Turning to the final entry in the rogue’s gallery, there is a very long article in Truthout by John Hanrahan titled “As in Libya, Avaaz Campaigned for Syria No-Fly Zone That Even Top Generals Opposed” that is directed against a campaign mounted by a group launched by Moveon.org in 2007. I personally have problems with no-fly zones but recognize that it is understandable why people being bombed mercilessly might ask for help wherever they can get it, even if the USA never had any attention to implement one as was indicated in the Jeffrey Goldberg article. In fact, if there was simply an across-the-board non-intervention policy by the USA, Assad would have been overthrown long ago. When the USA intervened to block the shipment of MANPAD’s into Syria early on, it meant that the Syrian air force would have free reign.
After 3500 words on Avaaz’s past campaigns, Hanrahan follows the same path as many pro-Assad “investigative reporters”, both professional and amateur, have trod. In a section titled “Avaaz Has Long Favored No-Fly Zone in Syria, Based in Part on the Dodgy Sarin Gas Story”, he cites arch-propagandist Robert Parry of the abovementioned Consortium and an outfit called Veteran Intelligence Professionals for Sanity (VIPS) that was founded by ex-CIA agent Ray McGovern. I dealt with the VIPS report not long after the sarin gas attack:
The sources for VIPS’ [a group led by Ray McGovern] most sensational claims, it turns out, are Canadian eccentric Michel Chossudovsky’s conspiracy site Global Research and far-right shock-jock Alex Jones’s Infowars. The specific article that Giraldi references carries the intriguing headline “Did the White House Help Plan the Syrian Chemical Attack?” (His answer, in case you wondered, is yes.) The author is one Yossef Bodansky—an Israeli-American supporter of Assad’s uncle Rifaat, who led the 1982 massacre in Hama. Bodansky’s theory was widely circulated after an endorsement from Rush Limbaugh. A whole paragraph from Bodansky’s article makes it into the VIPS letter intact, with only a flourish added at the end.

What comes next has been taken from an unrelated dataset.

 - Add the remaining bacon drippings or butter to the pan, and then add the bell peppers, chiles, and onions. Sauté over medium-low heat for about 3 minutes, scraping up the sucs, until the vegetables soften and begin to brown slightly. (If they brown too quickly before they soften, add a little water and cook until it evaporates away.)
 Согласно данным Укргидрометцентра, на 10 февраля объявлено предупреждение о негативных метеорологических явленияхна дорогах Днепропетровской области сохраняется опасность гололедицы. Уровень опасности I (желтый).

That’s some kind of investigative journalism going on there, just the kind of thing they probably teach to RT.com reporters before they start their job.
Hanrahan also cites Charles Glass, another charter member of the Baathist amen corner, as well as Adam Johnson, FAIR’s resident Assadist, and Patrick Cockburn who is definitely for a no-fly zone but only for the Kurds. All these people plagiarize each other, making the same bogus arguments based on faulty data over and over and over again. If they are supposed to be telling the truth about Syria, god help us.

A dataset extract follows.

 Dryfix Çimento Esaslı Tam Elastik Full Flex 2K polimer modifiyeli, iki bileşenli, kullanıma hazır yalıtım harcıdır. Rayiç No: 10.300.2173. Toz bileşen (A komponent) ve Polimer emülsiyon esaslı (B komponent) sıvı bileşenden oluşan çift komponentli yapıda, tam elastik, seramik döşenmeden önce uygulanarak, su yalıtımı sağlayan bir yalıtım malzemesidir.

Like Parry, Hersh, Cockburn, Salon’s Patrick L. Smith, Charles Glass, Kinzer and other Baathist fan boys, John Hanrahan has been a reporter for the bourgeois press—in his case the Washington Post. Whatever they learned in journalism school obviously gave them the skills they need to turn out bullshit in the “alternative” media.
Hanrahan’s credits are listed beneath the article, including this: “He has written extensively for NiemanWatchdog.org, a project of the Nieman Foundation for Journalism at Harvard University.” Among its fellows has been Dexter Filkins, Hodding Carter, and Anthony Lewis. So the sleazy Ivy League school knew what they were doing when they lined up Hanrahan to write for them.

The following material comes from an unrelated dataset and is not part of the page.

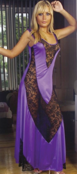 Item #6742 Long Nylon Gown with Inset Lace Panels Colors: Purple with Black Lace (as shown), Red with Black Lace, all Black $30

Probably the most depressing thing about Hanrahan is his involvement with ExposeFacts, a website that includes Barbara Ehrenreich on its editorial board. Does she have an idea of the crap that is coming out in the name of a website she is associated with? My guess, probably not. I had a momentary urge to see what she has written about Syria but did not want to feel any more disgusted than I am right now.